### Work order:
From the line containing "1 kép PRINTFASHION" to the end of the data, retype every line exactly and nothing else. Drop the pictures.

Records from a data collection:
===

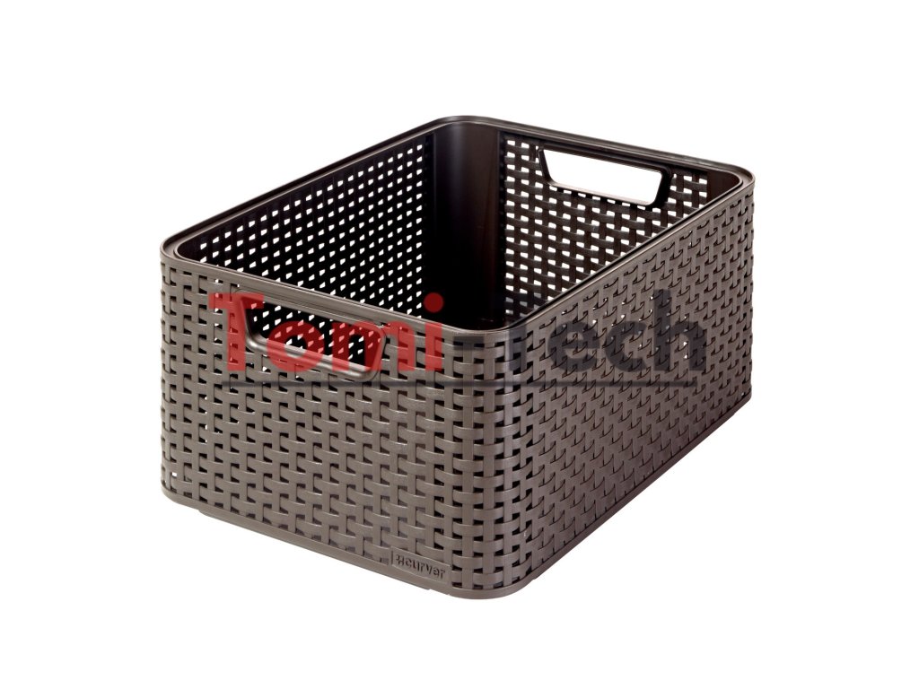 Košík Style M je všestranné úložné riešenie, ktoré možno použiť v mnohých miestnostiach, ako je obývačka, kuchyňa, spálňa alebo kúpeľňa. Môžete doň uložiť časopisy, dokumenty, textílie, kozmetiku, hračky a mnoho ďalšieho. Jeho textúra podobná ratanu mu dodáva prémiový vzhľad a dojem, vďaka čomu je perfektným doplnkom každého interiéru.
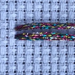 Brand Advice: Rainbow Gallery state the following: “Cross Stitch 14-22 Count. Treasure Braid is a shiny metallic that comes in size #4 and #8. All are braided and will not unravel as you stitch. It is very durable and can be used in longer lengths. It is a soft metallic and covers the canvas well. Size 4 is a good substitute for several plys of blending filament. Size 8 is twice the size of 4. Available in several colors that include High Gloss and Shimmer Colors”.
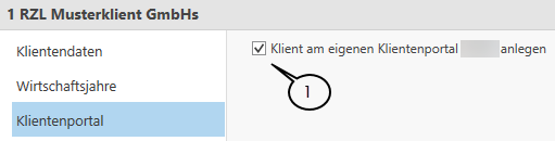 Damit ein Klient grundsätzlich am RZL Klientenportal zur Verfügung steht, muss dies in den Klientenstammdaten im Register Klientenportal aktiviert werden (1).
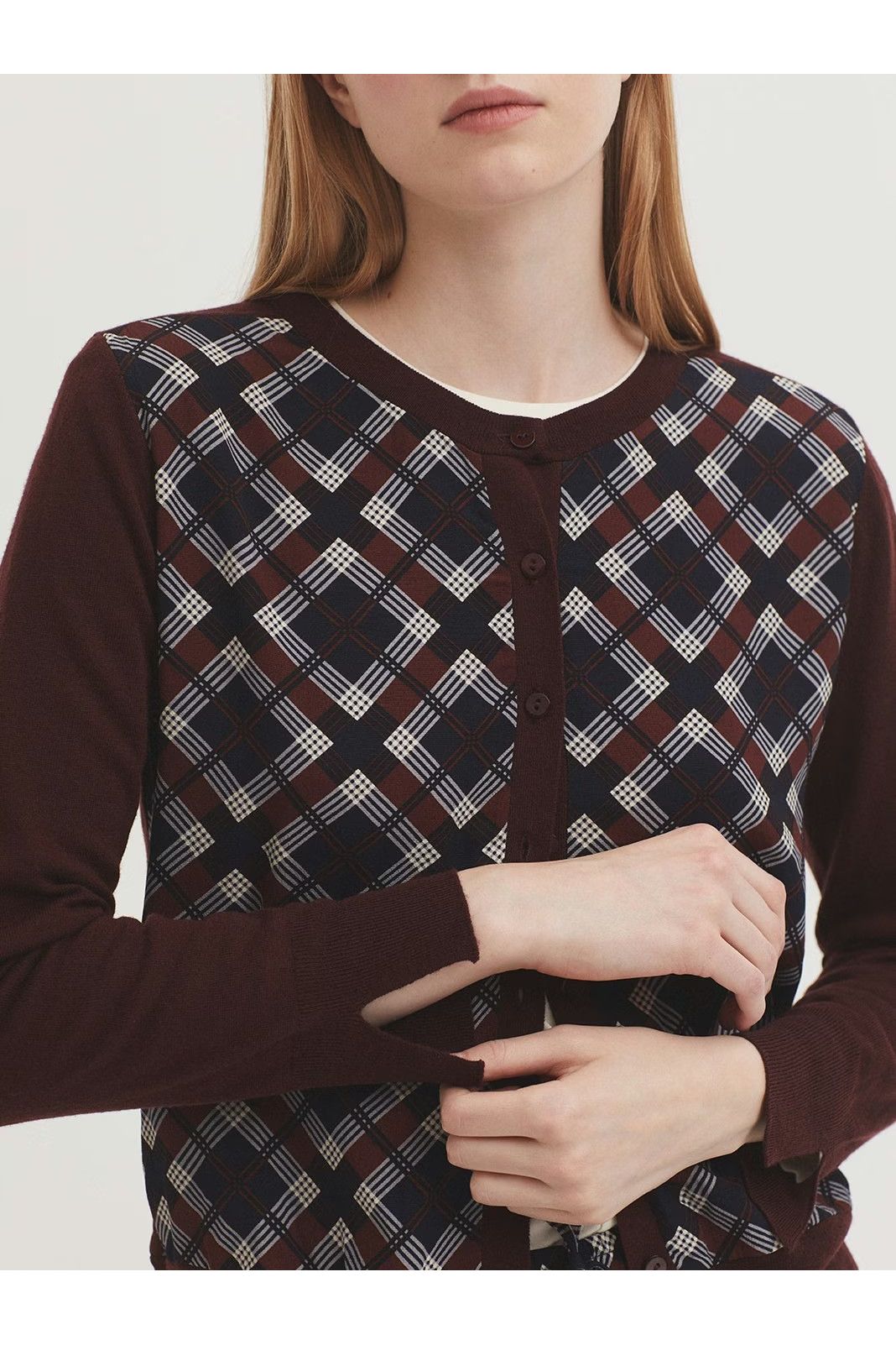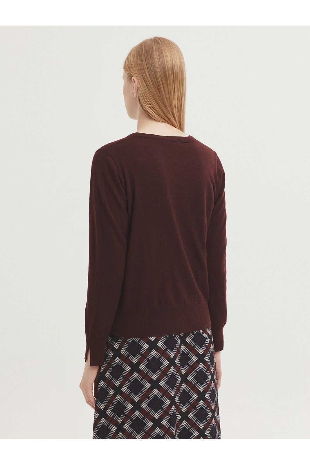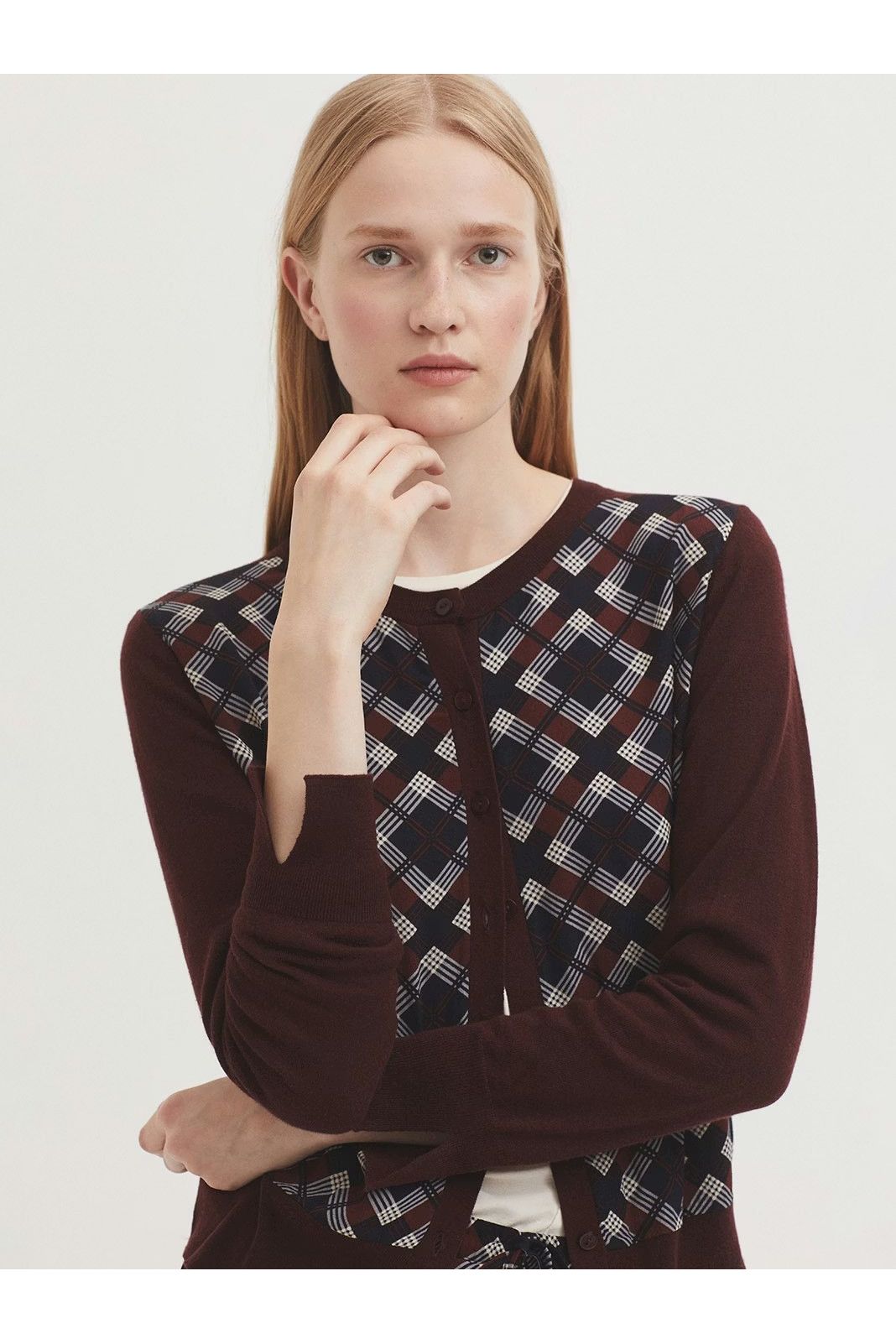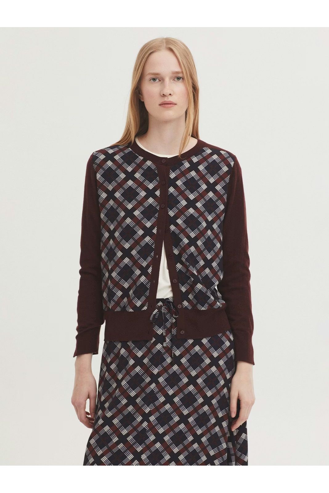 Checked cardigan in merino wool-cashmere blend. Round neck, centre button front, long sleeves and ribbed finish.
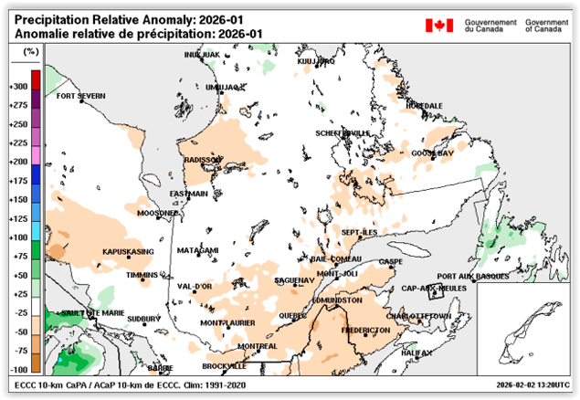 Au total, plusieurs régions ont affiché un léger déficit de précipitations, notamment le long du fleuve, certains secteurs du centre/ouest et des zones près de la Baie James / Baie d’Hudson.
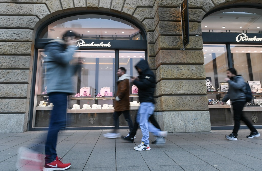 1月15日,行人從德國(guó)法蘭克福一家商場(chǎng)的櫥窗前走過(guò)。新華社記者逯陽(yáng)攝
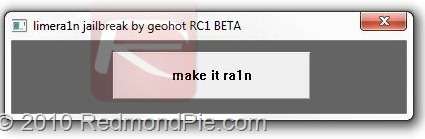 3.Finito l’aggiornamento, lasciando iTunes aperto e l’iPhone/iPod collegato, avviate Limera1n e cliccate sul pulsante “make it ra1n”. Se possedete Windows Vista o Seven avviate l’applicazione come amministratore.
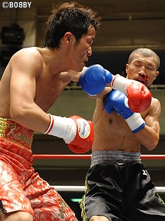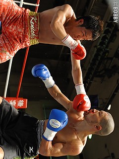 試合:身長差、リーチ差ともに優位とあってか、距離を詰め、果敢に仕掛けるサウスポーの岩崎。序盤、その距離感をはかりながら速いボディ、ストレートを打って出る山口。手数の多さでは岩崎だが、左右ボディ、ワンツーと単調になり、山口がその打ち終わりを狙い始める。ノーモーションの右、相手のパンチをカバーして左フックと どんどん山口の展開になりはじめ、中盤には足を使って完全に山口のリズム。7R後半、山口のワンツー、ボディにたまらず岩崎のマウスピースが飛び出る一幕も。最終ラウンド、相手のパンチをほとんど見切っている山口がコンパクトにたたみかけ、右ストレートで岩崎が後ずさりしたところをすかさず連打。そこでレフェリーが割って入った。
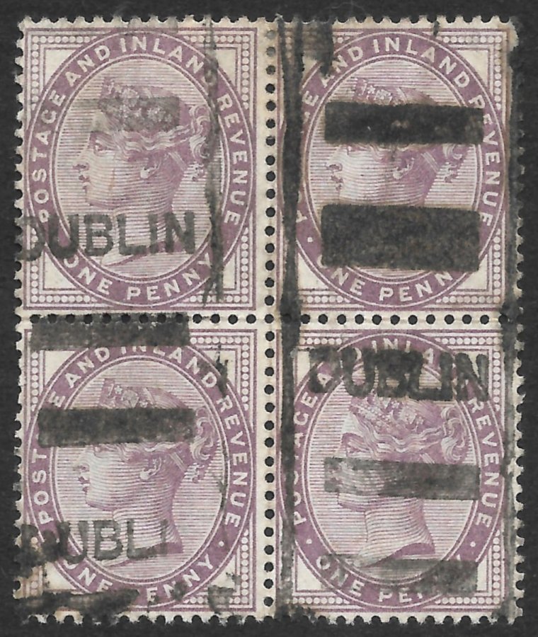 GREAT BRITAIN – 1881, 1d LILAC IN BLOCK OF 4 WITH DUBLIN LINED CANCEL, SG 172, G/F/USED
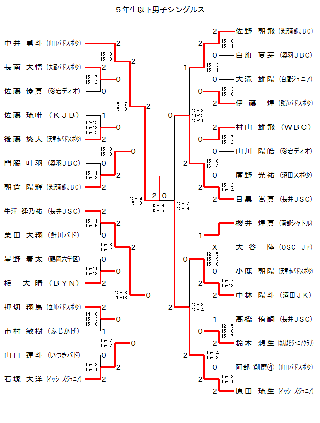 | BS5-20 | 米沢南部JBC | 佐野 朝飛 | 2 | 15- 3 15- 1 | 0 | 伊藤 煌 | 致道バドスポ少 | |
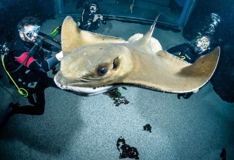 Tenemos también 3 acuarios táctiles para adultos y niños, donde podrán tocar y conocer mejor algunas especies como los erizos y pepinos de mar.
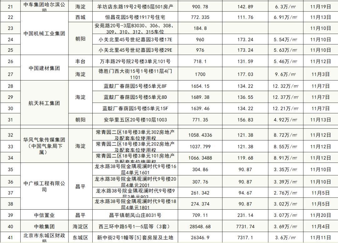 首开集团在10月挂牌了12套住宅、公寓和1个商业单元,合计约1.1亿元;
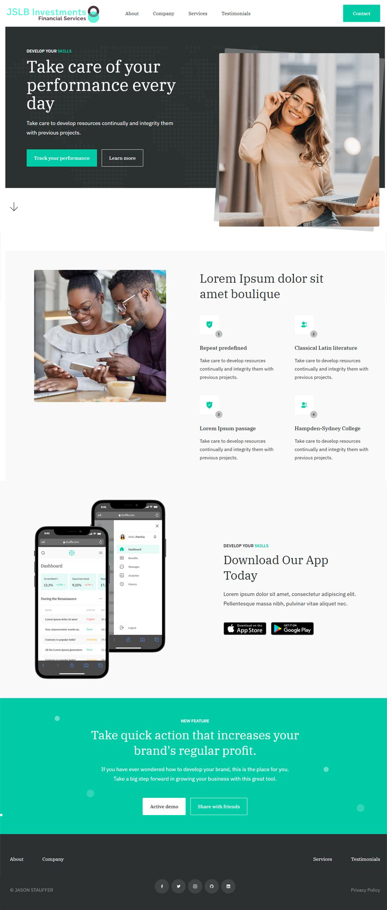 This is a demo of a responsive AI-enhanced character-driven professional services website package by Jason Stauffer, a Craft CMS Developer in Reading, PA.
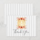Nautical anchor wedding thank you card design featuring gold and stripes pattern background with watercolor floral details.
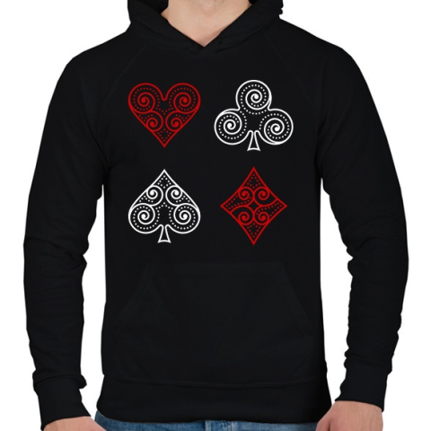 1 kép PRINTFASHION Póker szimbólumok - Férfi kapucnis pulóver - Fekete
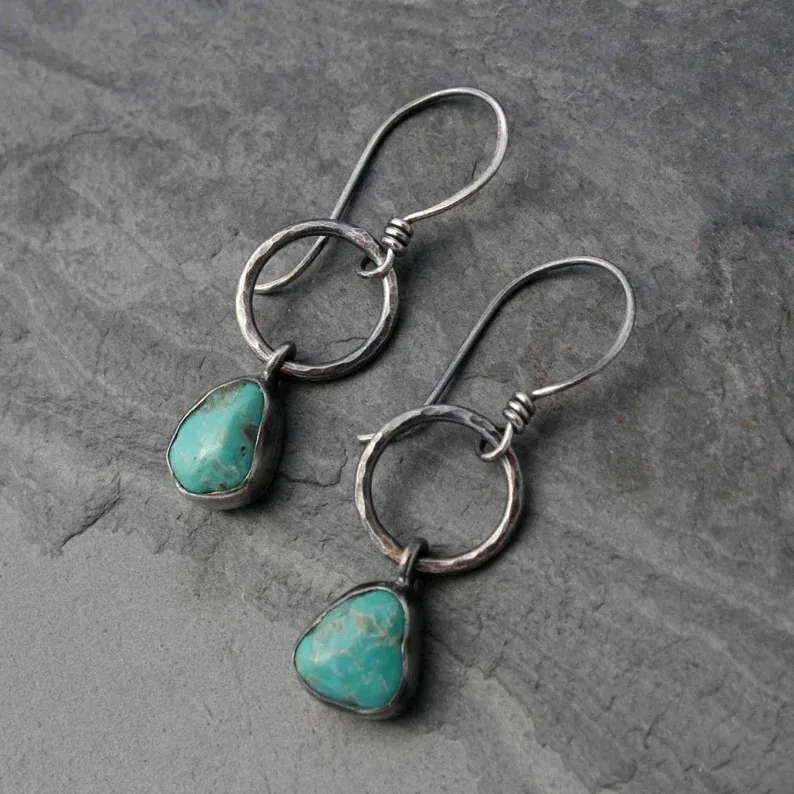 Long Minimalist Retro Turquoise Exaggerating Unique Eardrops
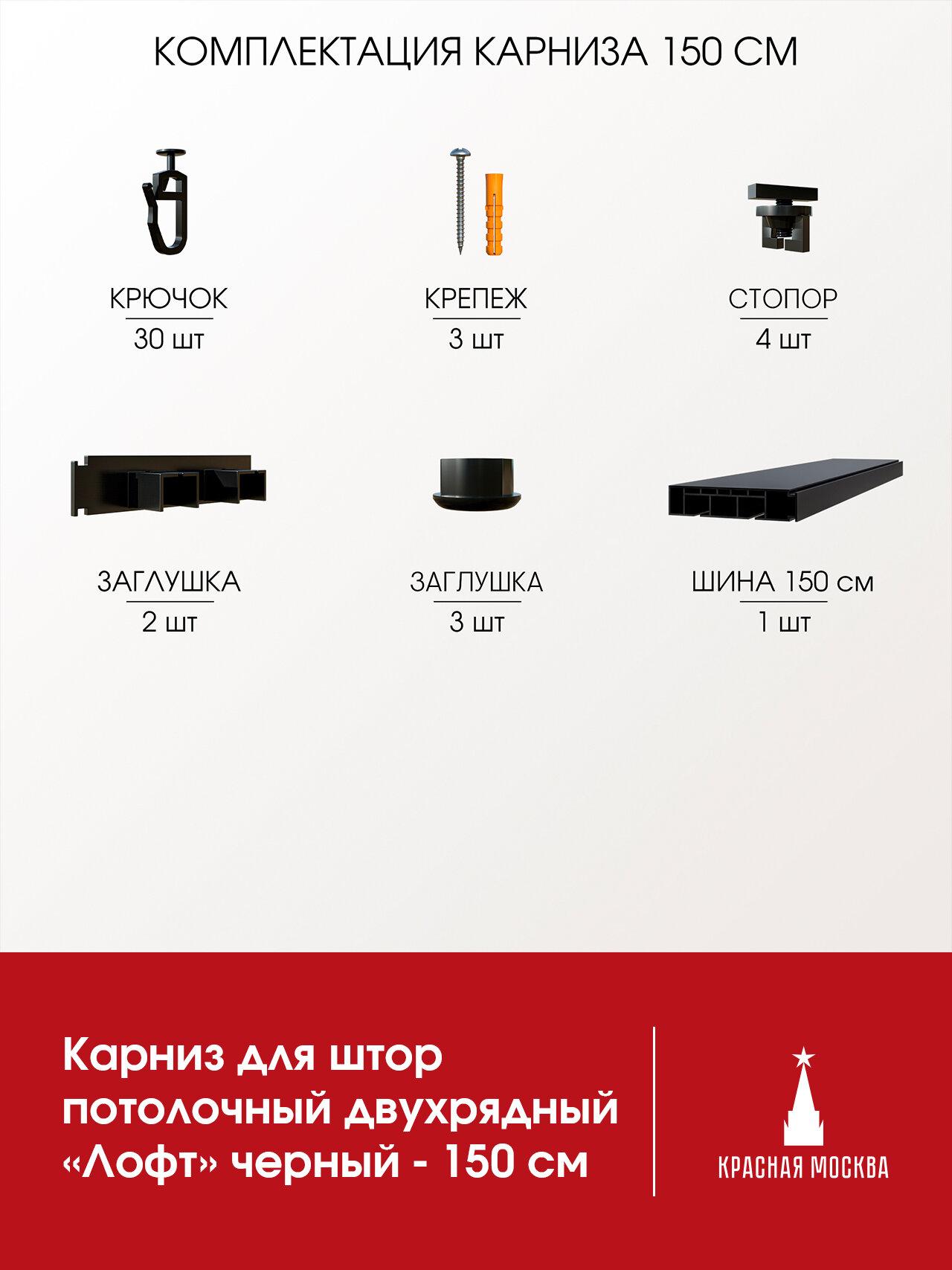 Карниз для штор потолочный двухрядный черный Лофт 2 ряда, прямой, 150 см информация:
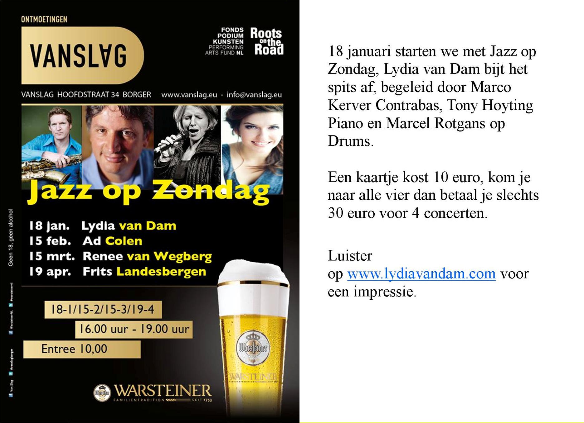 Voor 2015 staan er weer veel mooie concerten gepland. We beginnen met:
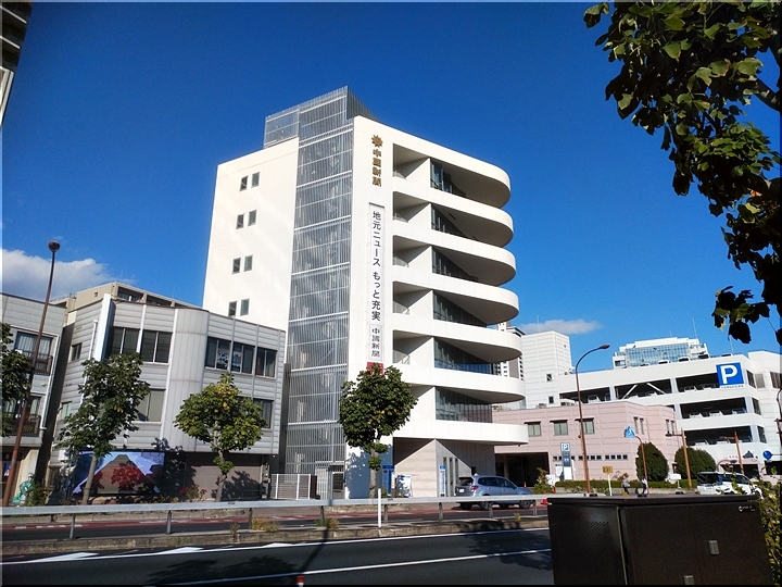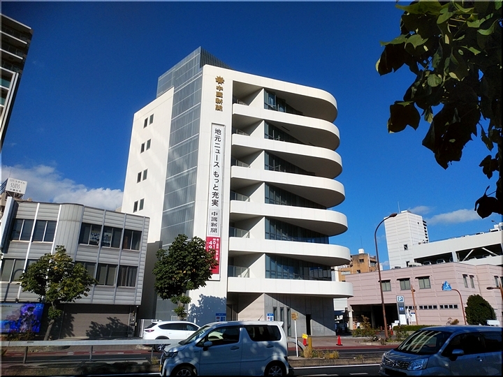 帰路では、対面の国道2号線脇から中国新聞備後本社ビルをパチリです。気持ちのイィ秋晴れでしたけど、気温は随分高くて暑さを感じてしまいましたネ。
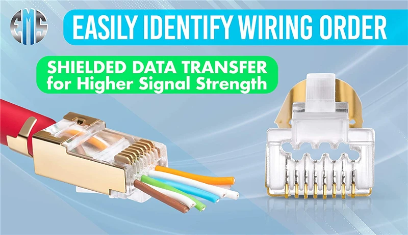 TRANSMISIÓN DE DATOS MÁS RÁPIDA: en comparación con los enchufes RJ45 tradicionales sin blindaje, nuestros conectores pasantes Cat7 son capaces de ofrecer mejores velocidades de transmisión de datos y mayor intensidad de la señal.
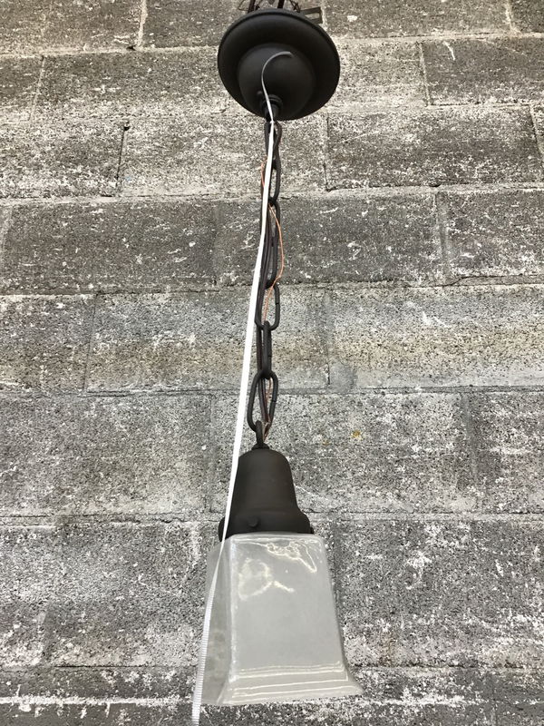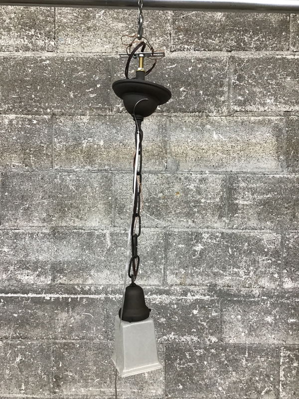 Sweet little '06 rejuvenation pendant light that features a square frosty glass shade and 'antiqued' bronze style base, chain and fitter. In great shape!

===

### Answer to this task:
 1 kép PRINTFASHION Póker szimbólumok - Férfi kapucnis pulóver - Fekete
 Long Minimalist Retro Turquoise Exaggerating Unique Eardrops
 Карниз для штор потолочный двухрядный черный Лофт 2 ряда, прямой, 150 см информация:
 Voor 2015 staan er weer veel mooie concerten gepland. We beginnen met:
 帰路では、対面の国道2号線脇から中国新聞備後本社ビルをパチリです。気持ちのイィ秋晴れでしたけど、気温は随分高くて暑さを感じてしまいましたネ。
 TRANSMISIÓN DE DATOS MÁS RÁPIDA: en comparación con los enchufes RJ45 tradicionales sin blindaje, nuestros conectores pasantes Cat7 son capaces de ofrecer mejores velocidades de transmisión de datos y mayor intensidad de la señal.
 Sweet little '06 rejuvenation pendant light that features a square frosty glass shade and 'antiqued' bronze style base, chain and fitter. In great shape!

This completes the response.